SUPPLIED MATERIAL below:

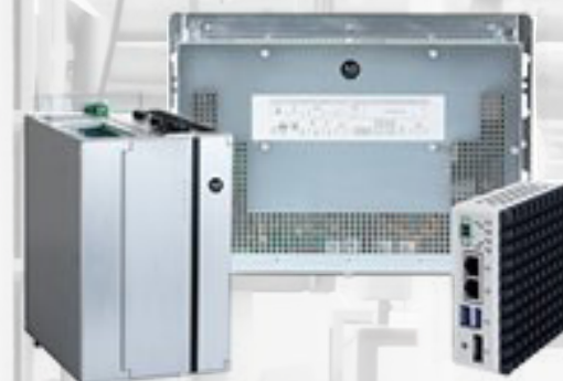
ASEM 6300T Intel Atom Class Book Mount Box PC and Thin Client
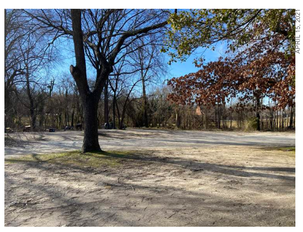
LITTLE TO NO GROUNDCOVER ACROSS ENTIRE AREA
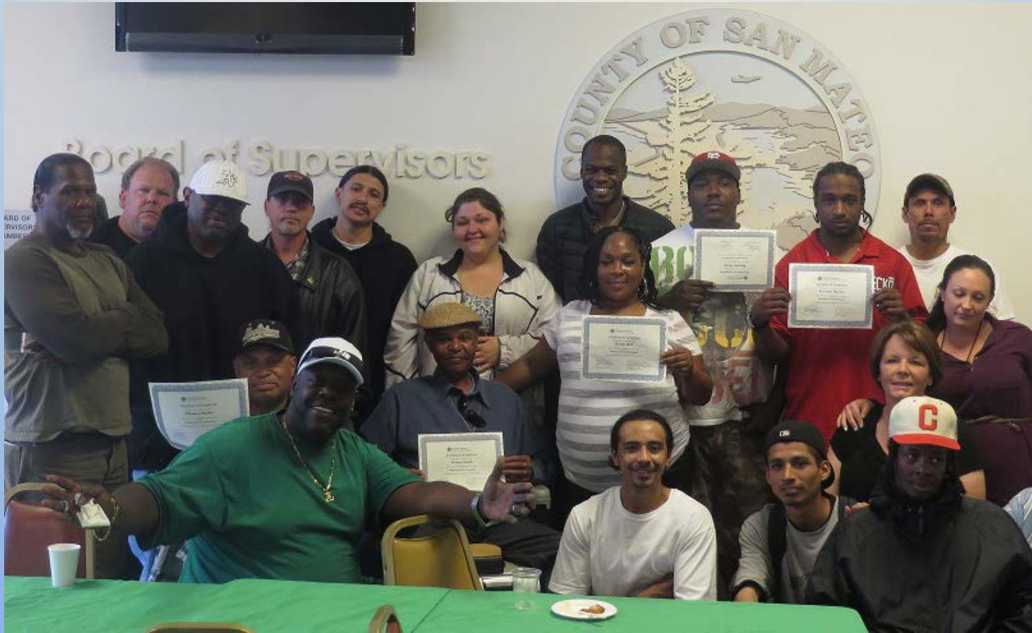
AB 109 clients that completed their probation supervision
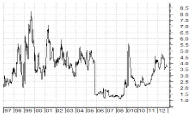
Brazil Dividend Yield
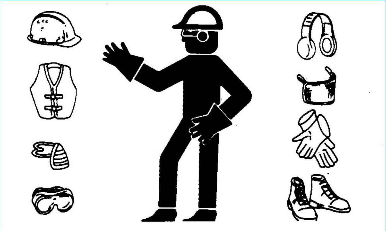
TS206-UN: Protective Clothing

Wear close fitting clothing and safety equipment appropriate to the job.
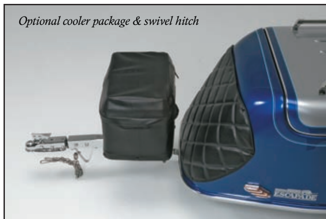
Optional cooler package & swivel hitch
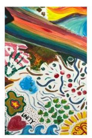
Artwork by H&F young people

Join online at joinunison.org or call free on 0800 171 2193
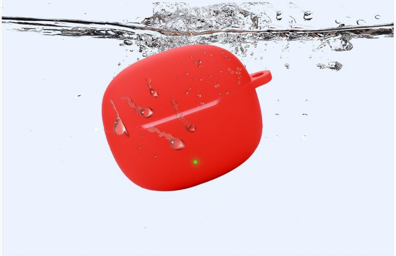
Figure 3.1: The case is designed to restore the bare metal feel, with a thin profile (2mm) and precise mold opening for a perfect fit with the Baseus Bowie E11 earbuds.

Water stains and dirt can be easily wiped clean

End of SUPPLIED MATERIAL.
SUPPLIED MATERIAL below:

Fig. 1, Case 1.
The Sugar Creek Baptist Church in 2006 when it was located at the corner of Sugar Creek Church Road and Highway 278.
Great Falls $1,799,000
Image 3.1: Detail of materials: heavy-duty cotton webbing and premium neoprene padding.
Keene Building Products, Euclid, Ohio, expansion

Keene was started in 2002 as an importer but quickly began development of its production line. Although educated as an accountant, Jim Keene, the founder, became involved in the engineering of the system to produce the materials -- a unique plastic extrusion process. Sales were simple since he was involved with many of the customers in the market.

End of SUPPLIED MATERIAL.
SUPPLIED MATERIAL below:

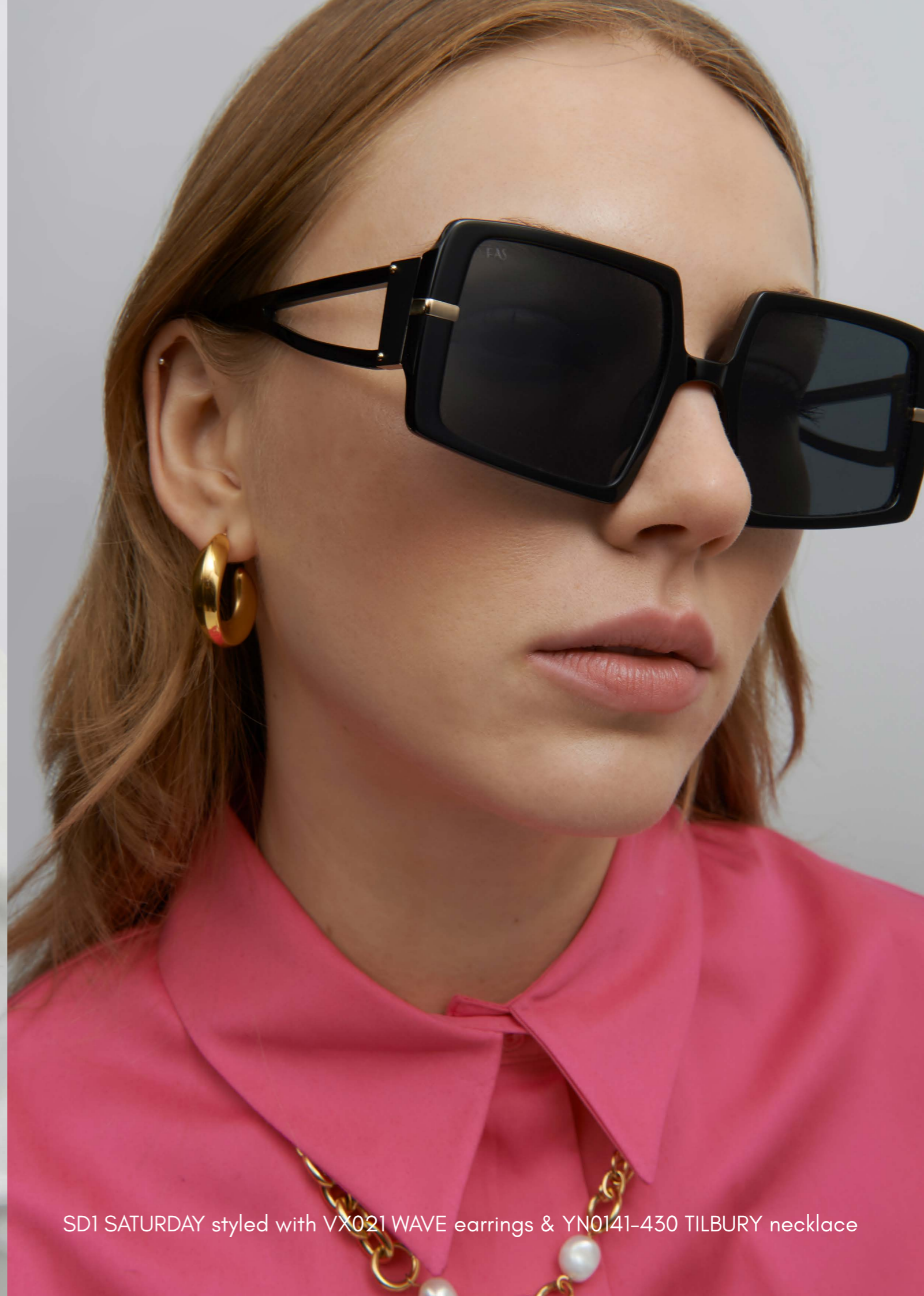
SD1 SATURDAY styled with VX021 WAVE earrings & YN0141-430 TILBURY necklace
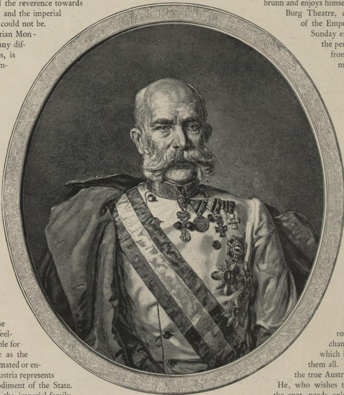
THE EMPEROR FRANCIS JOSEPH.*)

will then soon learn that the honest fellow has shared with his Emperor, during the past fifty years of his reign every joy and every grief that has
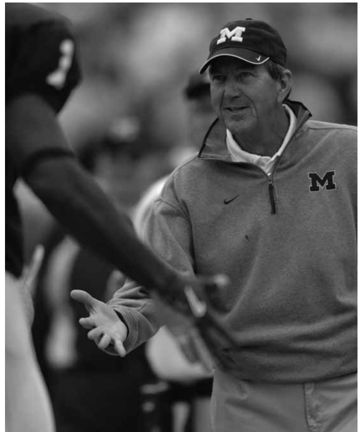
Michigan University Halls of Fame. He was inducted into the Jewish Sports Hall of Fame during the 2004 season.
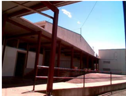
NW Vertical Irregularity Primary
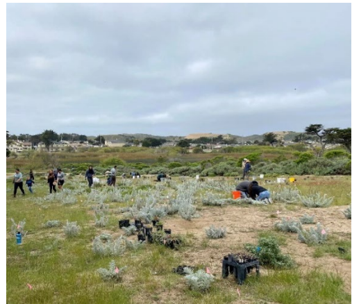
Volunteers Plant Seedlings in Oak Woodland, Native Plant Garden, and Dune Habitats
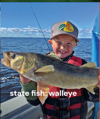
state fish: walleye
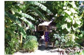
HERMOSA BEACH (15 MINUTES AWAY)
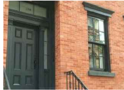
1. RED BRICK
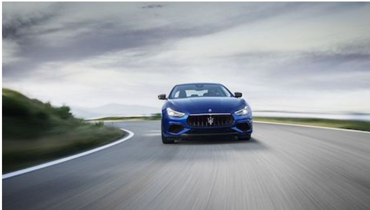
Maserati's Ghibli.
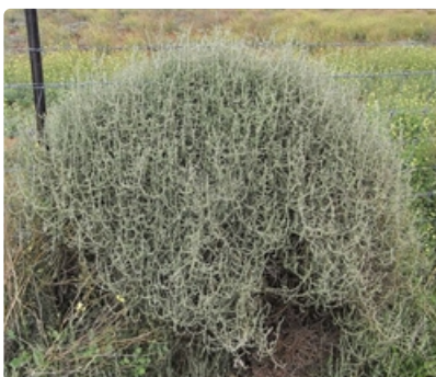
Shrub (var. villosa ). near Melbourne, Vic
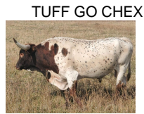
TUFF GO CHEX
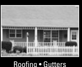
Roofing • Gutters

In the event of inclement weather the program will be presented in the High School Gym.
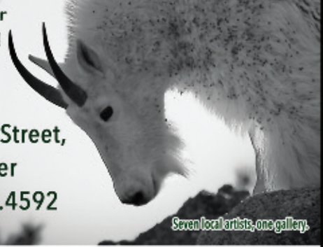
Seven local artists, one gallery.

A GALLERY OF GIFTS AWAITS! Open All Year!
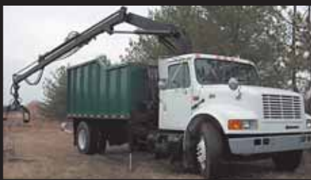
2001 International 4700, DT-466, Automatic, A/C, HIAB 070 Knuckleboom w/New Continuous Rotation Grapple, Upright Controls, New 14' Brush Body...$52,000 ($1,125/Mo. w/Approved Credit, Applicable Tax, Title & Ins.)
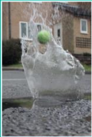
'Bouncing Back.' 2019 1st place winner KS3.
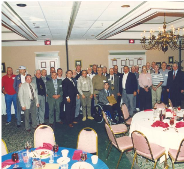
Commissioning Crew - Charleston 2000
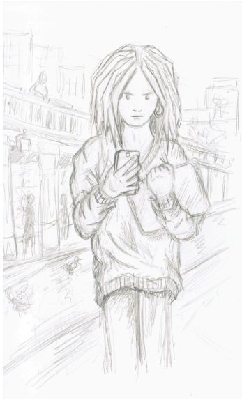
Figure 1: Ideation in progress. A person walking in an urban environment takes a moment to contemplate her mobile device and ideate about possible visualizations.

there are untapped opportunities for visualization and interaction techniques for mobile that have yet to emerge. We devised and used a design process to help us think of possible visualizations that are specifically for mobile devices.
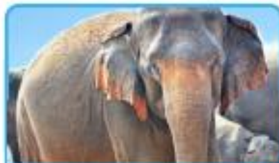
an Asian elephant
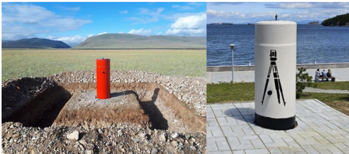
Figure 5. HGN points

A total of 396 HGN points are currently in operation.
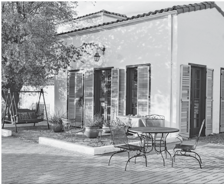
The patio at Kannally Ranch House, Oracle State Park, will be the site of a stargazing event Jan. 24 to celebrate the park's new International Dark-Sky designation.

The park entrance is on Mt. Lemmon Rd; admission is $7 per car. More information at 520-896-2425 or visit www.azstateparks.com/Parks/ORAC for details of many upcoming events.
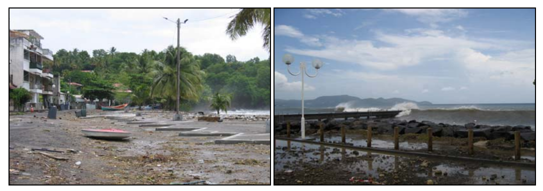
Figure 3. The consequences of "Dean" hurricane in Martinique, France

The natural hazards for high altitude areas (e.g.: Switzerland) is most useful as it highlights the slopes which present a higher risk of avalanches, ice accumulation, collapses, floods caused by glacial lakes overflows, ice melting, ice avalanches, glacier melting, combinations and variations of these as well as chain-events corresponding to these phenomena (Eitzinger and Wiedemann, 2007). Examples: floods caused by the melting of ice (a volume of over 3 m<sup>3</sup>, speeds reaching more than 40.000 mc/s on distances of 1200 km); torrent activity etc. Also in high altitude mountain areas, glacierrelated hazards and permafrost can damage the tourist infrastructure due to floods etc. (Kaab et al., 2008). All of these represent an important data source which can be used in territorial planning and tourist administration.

End of SUPPLIED MATERIAL.

What to print is the stretch of entries from the line with "ASEM 6300T Intel" up to and including the line with "Water stains and". Please print it exactly and leave out the pictures.

### SOLUTION
ASEM 6300T Intel Atom Class Book Mount Box PC and Thin Client
LITTLE TO NO GROUNDCOVER ACROSS ENTIRE AREA
AB 109 clients that completed their probation supervision
Brazil Dividend Yield
TS206-UN: Protective Clothing

Wear close fitting clothing and safety equipment appropriate to the job.
Optional cooler package & swivel hitch
Artwork by H&F young people

Join online at joinunison.org or call free on 0800 171 2193
Figure 3.1: The case is designed to restore the bare metal feel, with a thin profile (2mm) and precise mold opening for a perfect fit with the Baseus Bowie E11 earbuds.

Water stains and dirt can be easily wiped clean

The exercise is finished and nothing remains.